Harry carefully pushed open the bedroom door. He thought he could still smell her perfume, but the fragrance was so diffuse he wasn't sure if it came from the room or his memory. The large bed in the middle of the room imposed like a Roman galley. He sat on the mattress, placed his fingers on the cold, white bedsheet, closed his eyes and felt it pitch and roll. A slow, heavy ground swell. Was it here-like this-Anna had waited for him that evening? An angry buzz. Harry looked at his watch. Seven sharp. It was Beate. Aune rang a few minutes later and his double chins were flushed as he came up the stairs. He said a breathless 'Hello' to Beate and all three of them went into the sitting room.

'So you can say who these three portraits represent?' Aune said.
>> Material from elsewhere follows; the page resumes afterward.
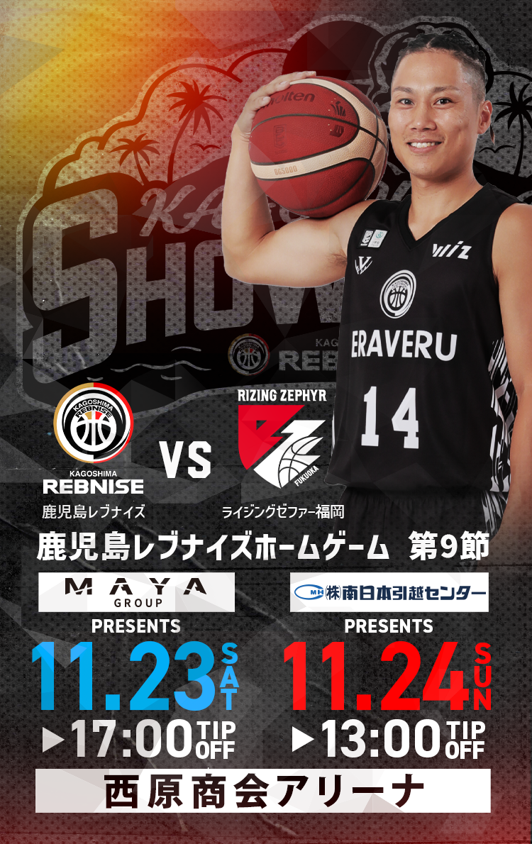 開幕では辛勝ながら二連勝というスタートを迎えた対戦相手、ライジングゼファー福岡を迎えての早くもの再戦。およそ一か月半の時間が経ち、両チームの完成度は高まり、見ごたえは十分だ。前回の対戦では、両日で約5,500人の熱狂の渦が西原商会アリーナを包んだ。今度は6,000人を超える熱狂が西原商会アリーナを包むとともに、鹿児島レブナイズが九州を代表するチームになるべく、新たな一歩を踏み出す!

'Arne Albu,' Beate said, pointing to the picture on the left. 'Harry in the middle and Alf Gunnerud on the right.'

'Impressive,' Aune said.

'Well,' Beate said. 'An ant can distinguish between millions of other ant faces in an anthill. Proportionate to body weight, it has a much larger fusiform gyrus than I have.'

'I'm afraid then my own is extremely under-developed,' Aune said. 'Can you see anything, Harry?'

'I can certainly see a little more than when Anna first showed me. Now I know it's these three who have been indicted, by her.' Harry motioned towards the female figure holding the three lamps. 'Nemesis, the goddess of justice and vengeance.'

'Which the Romans pinched off the Greeks,' Aune said. 'They kept the scales, changed the whip for a sword, bound her eyes and called her Justitia.' He went to the lamp. 'When, in 600 BC, they began to think the system of blood revenge didn't work and decided to exact revenge from the individual and make it a public affair, it was precisely this woman who became the symbol of the modern constitutional state.' He stroked the cold, bronze woman. 'Blind justice. Cold-blooded vengeance. Our civilisation rests in her hands. Isn't she beautiful?'

'As beautiful as an electric chair,' Harry said. 'Anna's revenge wasn't exactly cold-blooded.'

'It was both cold-blooded and hot-blooded,' Aune said. 'Premeditated and impassioned at the same time. She must have been very sensitive. Psychologically damaged of course, but then we all are. Basically, it is just a question of the degree of damage.'

'And how was Anna damaged?'

'I never met her, so it will have to be a pure guess.'

'Go on then,' Harry said.

'On the subject of ancient gods, I assume you have heard of Narkissos, the Greek god who became so enamoured of his own reflection that he couldn't tear himself away? Freud introduced the concept of a narcissist to psychology, a person with an exaggerated sense of uniqueness, obsessed by the dream of boundless success. For the narcissist the need for revenge against those who have affronted him or her is often greater than all other needs. It is called the "narcissist's rage". The American psychoanalyst Heinz Kohut has described how such a person would seek to avenge the affront-which may seem a mere bagatelle to us-with whatever means they have at their disposal. For instance, what would seem on the surface to be a standard rejection might result in the narcissist working tirelessly, with a compulsive determination, to redress the balance, causing death if necessary.'

'Death to whom?' Harry asked.

'To all.'

'That's insane,' Beate burst out.

'In fact, that's what I'm saying,' Aune said drily.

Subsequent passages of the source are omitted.